The curves in Figure 2 (Fig. 2 here shows the essential details of their figure) of the SW paper suggests that their reconstruction increases from -0.4 to 0K between 1900 and 2000, whereas the the proxy data for the temperature from Moberg et al. (2005) changes from -0.4 to more than +0.6K (by rough eye-balling). One statement made both in the abstract of the SW paper and the Discussion and Conclusions (and cited in the senate hearing) is that «the sun might have contributed to approximately 50% of the total global surface since 1900 [Scafetta and West, 2006 – an earlier paper this year])». But the figure in the SW paper would suggest at the most 40%! So why quote another figure? The older Scafetta and West (2006) paper which they cite is discussed here (also published in Geophysical Research Letters), and I’m not convinced that the figures from that paper are correct either.

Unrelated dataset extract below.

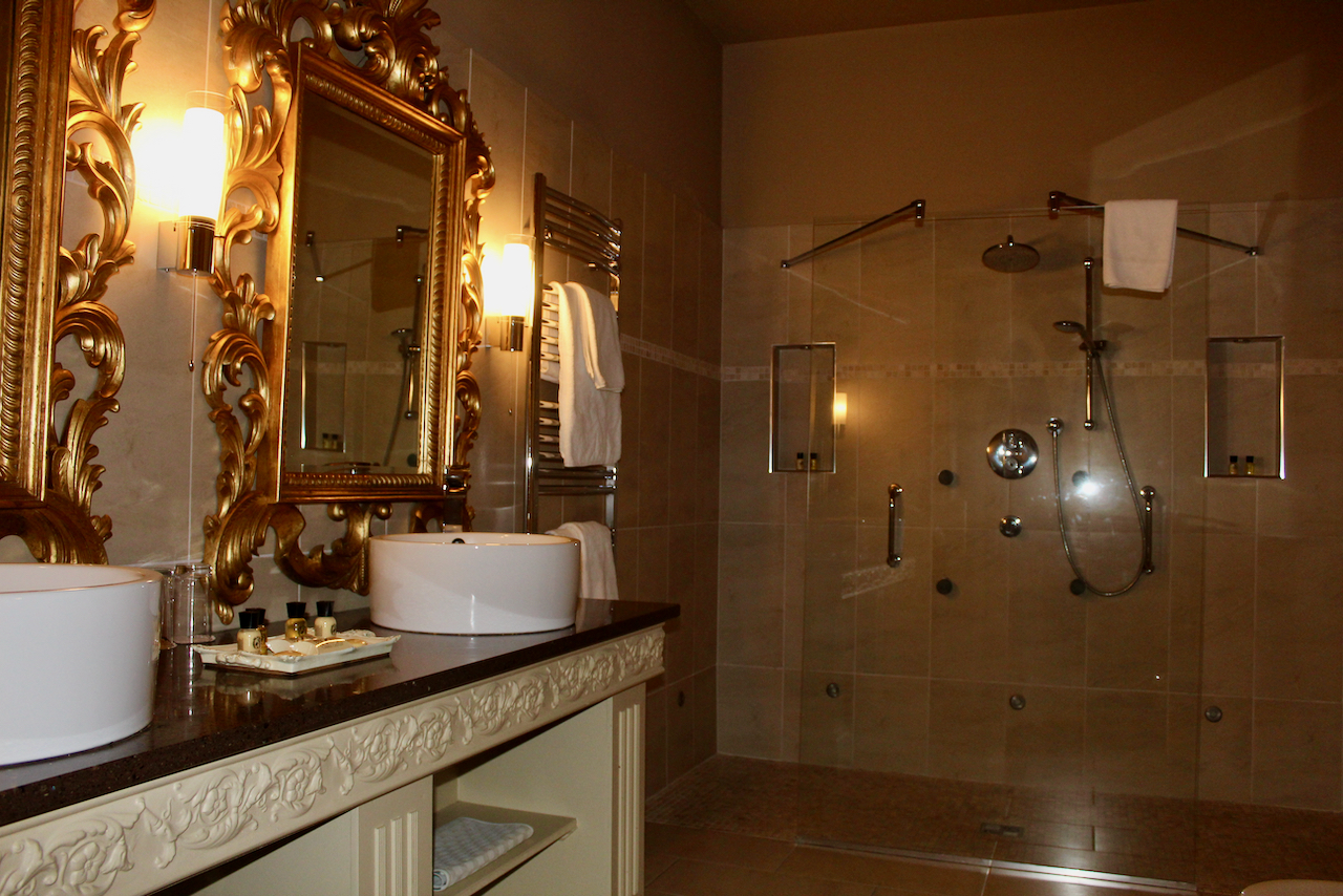 The ensuite bathroom has the largest walk-in shower that I’ve ever seen, and the muted lighting feels particularly luxurious.

There are some reasons to think that solar activity may have played some role in the past (at least before 1940), but I must admit, I’m far from convinced by this paper because of the method adopted. It is no coincidende why regression is a more widely used approach, especially in cases where many factors may play a role. The proper way to address this question, I think, would be to identify all the physical relationships, and if possible set up the equation with right dimensions and with all appropriate non-linear terms, and then apply a regression analysis (eg. used in “finger print” methods). Last week, we discussed the importance of a physical model in making attributions because statistical correlations are incapable of distinguishing between forcings with similar trends. Here is an example of a paper that has exactly that problem.
There is also a new paper out on the relationship between galactic cosmic rays and low clouds by Svensmark. We will write a post on this paper shortly.